$\lim (a + b)\;$ when $\;\lim(b)\;$ does not exist?
Yes. If the limit of $a+b$ existed, it would follow that
$$\lim_{x \to +\infty}b=\lim_{x \to +\infty} [(a + b) - a]=\lim_{x \to +\infty}(a+b)-\lim_{x \to +\infty}a\;.$$
HINT $\ $ This follows immediately from the fact that functions whose limit exists at $\rm\:\infty\:$ are closed under subtraction, i.e. they comprise an additive subgroup of all functions. Therefore, abstractly, this is essentially the same as the proof that the sum of an integer and non-integer is a non-integer. For further discussion of this complementary view of a subgroup see this post.

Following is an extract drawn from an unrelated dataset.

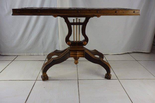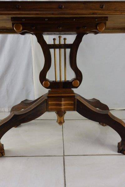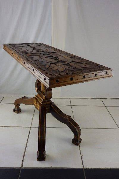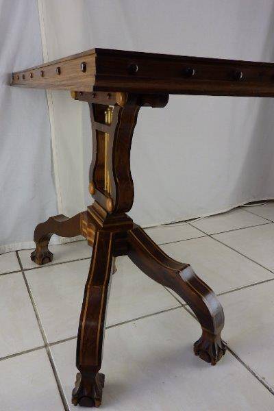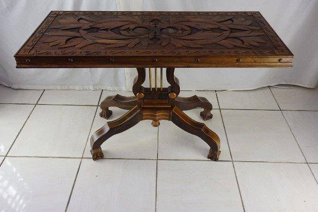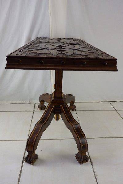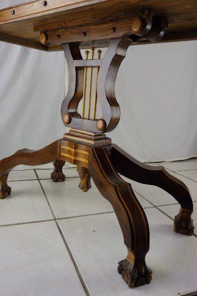 THIS SPECTACULAR, HAND CARVED, SOLID TEAK, DETAILED "DUNCAN PHYFE INSPIRED" AMERICAN HARP TABLE ON BALL & CLAW FEET IS TOTALLY AWESOME!!! THE TABLE HAS TONS OF CHARACTER AND IS JUST AN ALL-ROUND MAGNIFICENT PIECE OF FURNITURE!!!THE SIZE OF THE TABLE IS APPROXIMATELY 960mm x 400mm x 650mm HIGH. PLEASE VIEW THE PICS VERY CAREFULLY FOR MORE DETAIL AND CONDITION AS THIS FORMS PART OF THE DESCRIPTION - WHAT YOU SEE IS WHAT YOU GET! POSTAGE WILL NOT BE POSSIBLE SO PLEASE ARRANGE FOR COLLECTION IN EDENVALE FREE OF CHARGE OR VIEW OUR SHIPPING OPTIONS!!! WE CAN COURIER OR DELIVER ANYWHERE IN THE COUNTRY!

Suppose, to get a contradiction, that our limit exists. That is, suppose $$\lim_{x\rightarrow \infty} a(x)+b(x)=d$$ exists. Then since $$\lim_{x\rightarrow \infty} -a(x)=-c,$$ and as limits are additive, we conclude that $$\lim_{x\rightarrow \infty} a(x)+b(x)-a(x)=d-c$$ which means $$\lim_{x\rightarrow \infty} b(x)=d-c.$$ But this is impossible since we had that $b(x)$ did not tend to a limit.
Hope that helps,